An ape::evonet object (a phylogeny stored in phylo format that also includes a reticulation matrix)

from.clade

A vector of names specifying taxa spanning the node descended from the focal edge for the start of the hybridization event

to.clade

A vector of names specifying taxa spanning the node descended from the focal edge for the start of the hybridization event

time.from.root

When the hybridization event starts, as measured from the root of the tree

time.from.tip

When the hybridization event starts, as measured from the tips of the tree (assumed to be coeval)

ghost.length

How long the hybrid genes spend in an unsampled species before arriving in their recipient

Value

An evonet object with the new hybridization event


Optimize model

Description

Fits a BMhyb model to your data.

Usage

BMhyb(
  phy.graph,
  traits,
  free.parameter.names = c("sigma.sq", "mu", "SE", "bt", "vh"),
  confidence.points = 5000,
  measurement.error = 0,
  gamma = 0.5,
  do.Higham.correction = FALSE,
  do.Brissette.correction = FALSE,
  verbose = TRUE,
  likelihood.precision = 0.01,
  max.steps = 10,
  confidence.lnl = 2,
  control = list(reltol = 0.001)
)

Arguments

phy.graph

An ape::evonet object (a phylogeny stored in phylo format that also includes a reticulation matrix)

traits

A vector of trait values, with names equal to the names of taxa on the phylogeny

free.parameter.names

What parameters you want to optimize rather than use defaults; options are sigma.sq, mu, SE, bt, and vh

confidence.points

How many points to use to estimate parameter uncertainty

measurement.error

How much uncertainty there is in tip values; a single number is applied to all taxa, a vector is applied to the corresponding taxa

gamma

In a hybridization event, what proportion of the trait comes from the donating parent. 0.5 means half comes from each parent

do.Higham.correction

Variance-covariance matrices for this model are sometimes poorly conditioned; this is a hack to reduce the impact of that

do.Brissette.correction

Applies method of Brissette et al. 2007 to also try to fix matrix condition

verbose

If TRUE, BMhyb will chat about its progress

likelihood.precision

When optimizing, how much of a lnL improvement is required to restart optimization between starts

max.steps

The number of restarts without improvement it will attempt

confidence.lnl

For figuring out the confidence interval, how wide you want the confidence region to be in lnL space

control

List of options to pass to optim. ?optim for help.

Details

This takes an ape::evonet object.

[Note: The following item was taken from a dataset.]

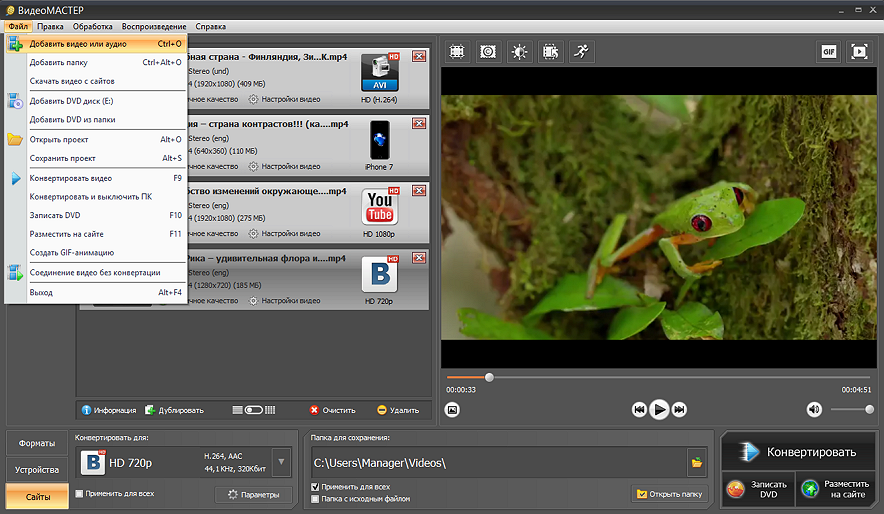 Любой пользователь ПК хотя бы раз сталкивался с задачей смены формата видеофайла. Для быстрой и надежной конвертации отлично подойдет бесплатная версия видеомастер 12.6. Данная утилита позволит быстро настроить параметры видео. Вы можете выбрать необходимый формат, а также производить конвертацию роликов в MKV. К тому же продукт предлагает большой перечень готовых шаблонов для мобильных устройств.

If all you have is a tree (an ape::phylo object), you can use CreateHybridlessEvonet() to convert the tree to an evonet object. You can then use the AddHybridization() function to add hybrid events to this object. Note that networks created in this way can, by chance, result in orders of nodes in the internal edge matrix that cause ape's reorder.phylo function to crash, which is called in many of the plot and write functions. You can still use the plot functions in this package, however.

Value

Returns an object of class BMhybResult which contains best (a data.frame of the solution), good.region (data.frame of the points making up those in the confidence.lnl region), bad.region (all the other points sampled), phy.graph (same as what you put in), traits (same as what you put in), and free.parameter.names.

Examples

## Not run: 
utils::data("cichlid")
result <- BMhyb(phy.graph=cichlid$phy.graph, traits=cichlid$trait,
  free.parameter.names=c("sigma.sq", "mu"))

## End(Not run)

Exhaustively evaluate models

Description

Fits all possible BMhyb models to your data.

Usage

BMhybExhaustive(
  phy.graph,
  traits,
  measurement.error = 0,
  ncores = max(c(1, parallel::detectCores() - 1), na.rm = TRUE),
  ...
)

Arguments

phy.graph

An ape::evonet object (a phylogeny stored in phylo format that also includes a reticulation matrix)

traits

A vector of trait values, with names equal to the names of taxa on the phylogeny

measurement.error

How much uncertainty there is in tip values; a single number is applied to all taxa, a vector is applied to the corresponding taxa

ncores

Number of cores to use. By default, uses parallel package to detect what's available and uses all but one.

...

All other parameters to pass to BMhyb (see ?BMhyb)

Details

This takes an ape::evonet object. If all you have is a tree (an ape::phylo object), you can use CreateHybridlessEvonet() to convert the tree to an evonet object. You can then use the AddHybridization() function to add hybrid events to this object. Note that networks created in this way can, by chance, result in orders of nodes in the internal edge matrix that cause ape's reorder.phylo function to crash, which is called in many of the plot and write functions. You can still use the plot functions in this package, however.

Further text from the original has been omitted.